There is nothing wrong with charity and Americans, the freest and most prosperous are the most generous and caring people to ever people the planet. Most Americans in receipt of public assistance today are able-bodied and of working age. Of course, many are heads of commercial and industrial enterprises that send high-paid lobbyists to the halls of government.

Most Americans in receipt of public assistance today are able-bodied and of working age.

What Jefferson understood and what today’s Americans fail to realize is that what anyone earns, he/she owns. Whether obtained as wages, salary or business profits, one’s freely-acquired income does not belong to society so that Congress can take away and give away as much as it pleases.

It is indeed ironic that notwithstanding the explosive celebrations to come, this country is proceeding along the road to serfdom and foregoing its property rights at a rapid pace. The idea of socialism captivates a growing portion of the population.
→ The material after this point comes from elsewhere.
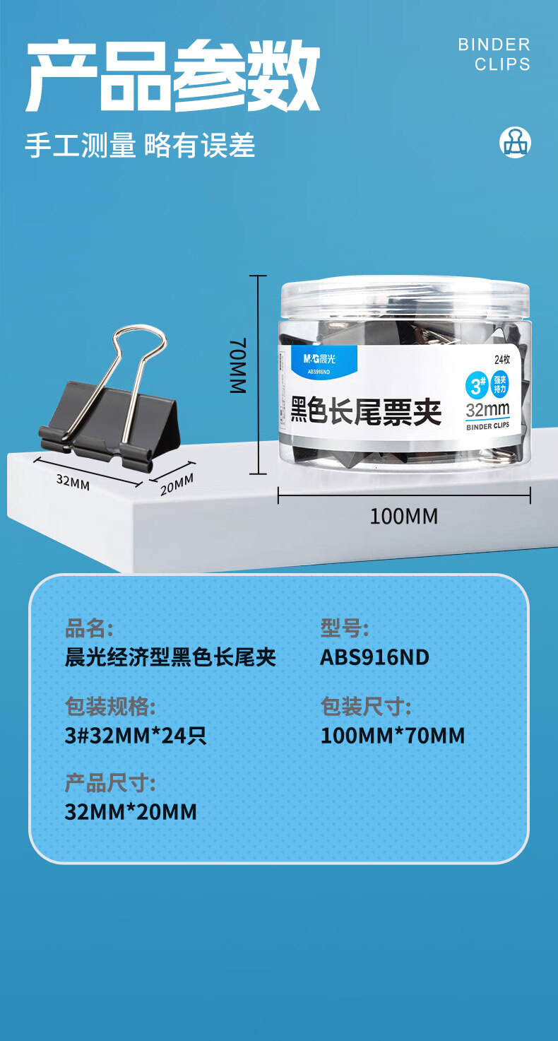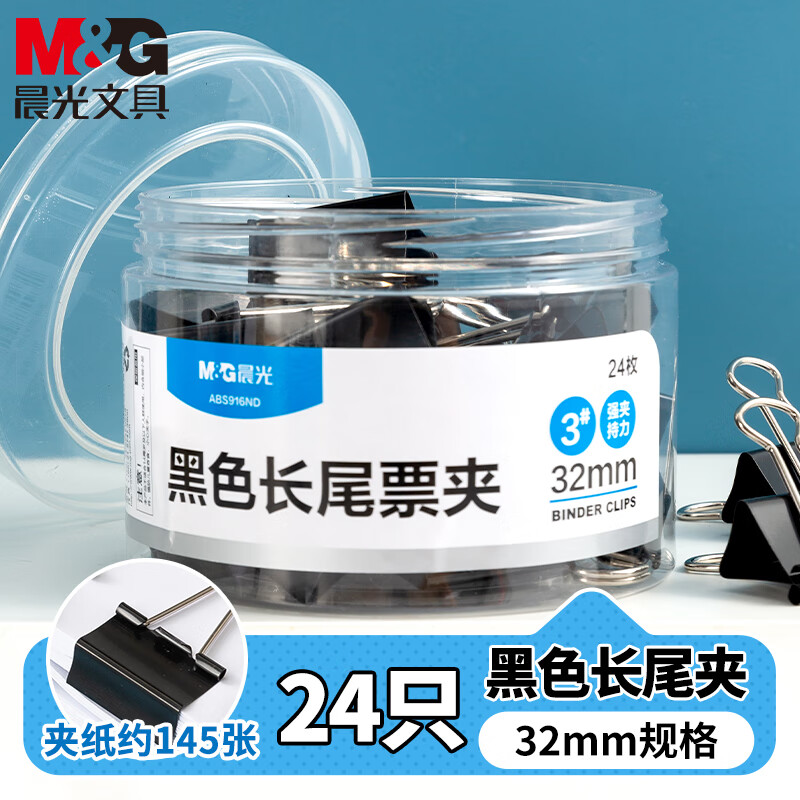 晨光长尾夹Eplus32mm(筒装)黑色ABS92734 3#(1筒(24个))

It is openly advocated by prominent opinion leaders and candidates running for local and high national office. What is there to celebrate, really?

Today’s politics is run on a single admonition: do whatever works. And things generally can work—for a while. But, time after time, a long series of bonehead policies, fueled by sundry forms of corruption, eventually drive the economy into a ditch. The savings-and-loan crisis that exploded in 1988 and the subprime mortgage fiasco that struck in 2008 are the latest examples of this devilish pattern. Crises can be slow to strike. But strike they do.

So, we have a right and a reason to ask how and when did America lose sight of the natural rights regime Locke bequeathed to us and which Jefferson’s generation overtly rekindled?